- Developer: Liquid Entertainment
- Publishers: Ubi Soft Crave Entertainment
- Platform: Microsoft Windows
- Release: NA: November 5, 2002; EU: November 29, 2002;
- Genre: Real-time strategy
- Modes: Single-player, multiplayer

= Battle Realms: Winter of the Wolf =

2002 video game

Battle Realms: Winter of the Wolf is an expansion pack for the real-time strategy video game Battle Realms, developed by Liquid Entertainment and co-published by Ubi Soft and Crave Entertainment. The game was announced on July 7, 2002, and released on November 5, 2002, in North America.

== Synopsis ==

Winter of the Wolf features exclusively new units and other gameplay elements, such as snow-terrain maps. Shown here, the Battle Maidens are the new armies and a Zen Master, Teppo, from the Dragon clan's arsenal.

The martial arts-themed RTS takes place seven years prior to the events in the first game.

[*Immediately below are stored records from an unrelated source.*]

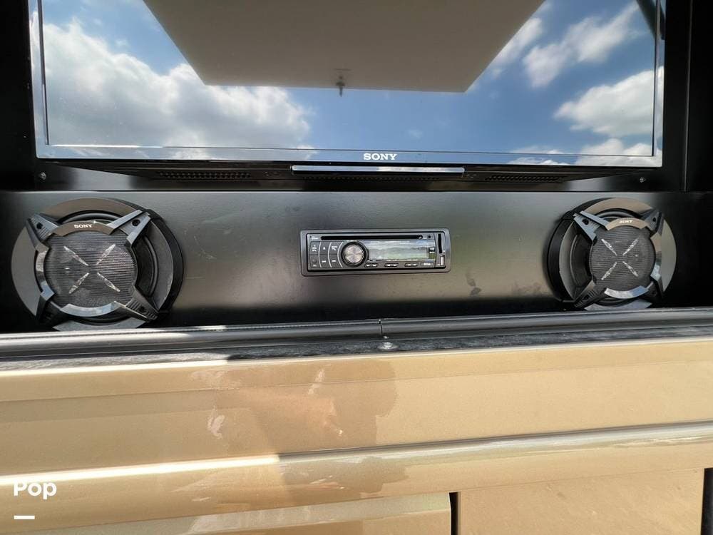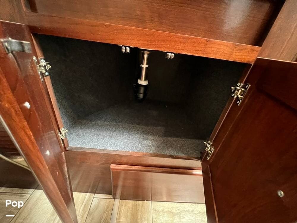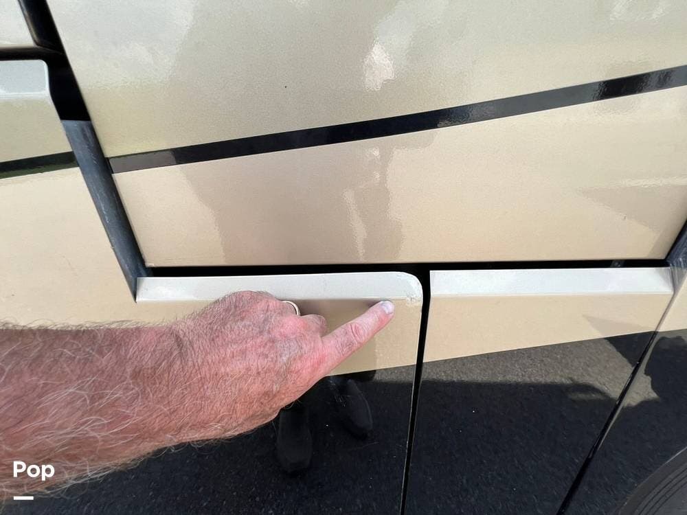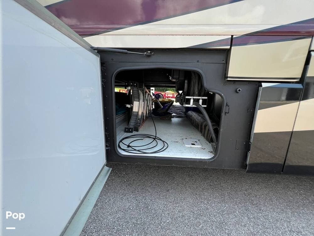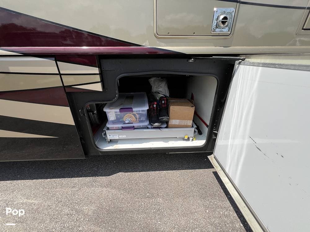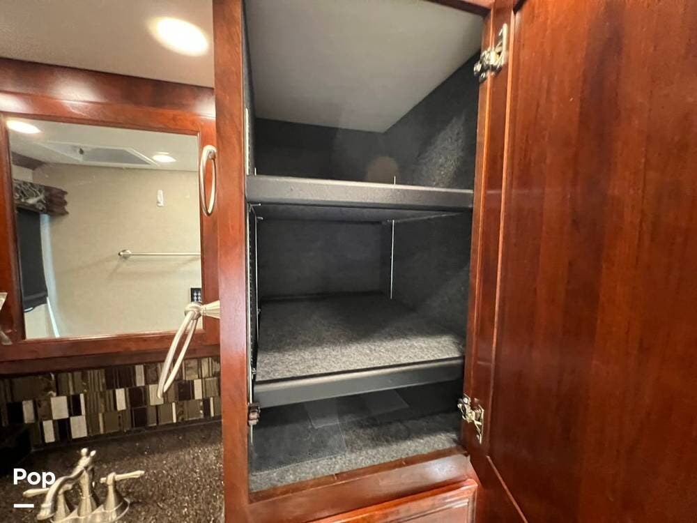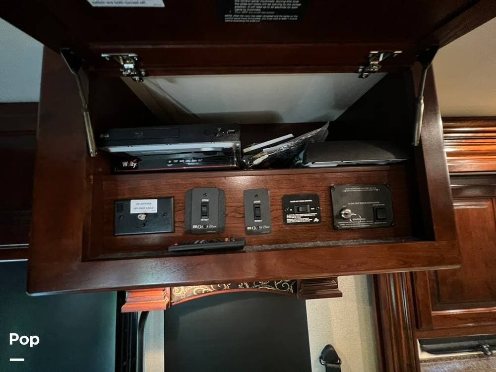 Outdoors, you have a full entertainment center, numerous storage compartments, and a pass-through storage area with a pullout slide tray.
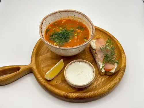 Насыщенная, мясная солянка, с копчеными свиными ребрышками, отварной свининой, варено-копченой куриной грудкой, соленым огурцом и капперсами. Подается с брускеттой из куриного карпаччо и сметаной.
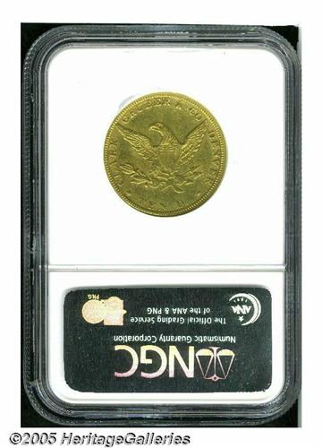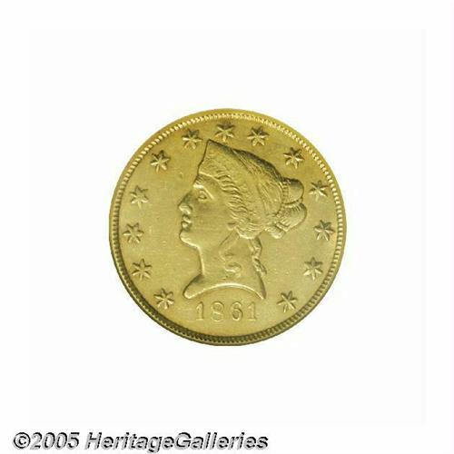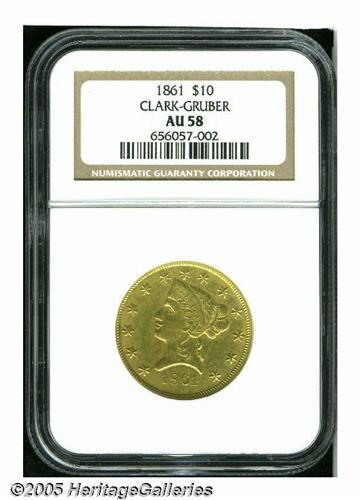 <B>1861<$10> Clark, Gruber & Co. Ten Dollar AU58 NGC.</B></I> K-7, R.4. A canary-gold representative, the fields are gently reflective and the eagle's wings are exquisitely detailed. Kagin mentions concerning the variety, "Back of head, claws, and stem weak," which correctly lists the only areas of the coin (other than the eagle's legs) that are not boldly defined. A series of small planchet flaws, as made, are noted on the arrowheads, and a retained lamination, as produced, is found beneath the left (facing) eagle's wing. Surprisingly unmarked for a briefly circulated Ten Dollar piece, a horizontal slide mark below the mouth is hardly worthy of mention. Listed on page 309 of the 2005 <I>Guide Book.</B></I><BR><I>From The Great Western Collection of Territorial Gold.</B></I>

The story begins with Grayback, the last heir to the Wolf clan's throne, explaining that long ago that life was better for their clan before the storms came and drowned their paradise. (Home island) They were saved from death by their druidess order using their clan's most sacred treasure the white wolf's skull, given to them by their clan's totem, the white wolf.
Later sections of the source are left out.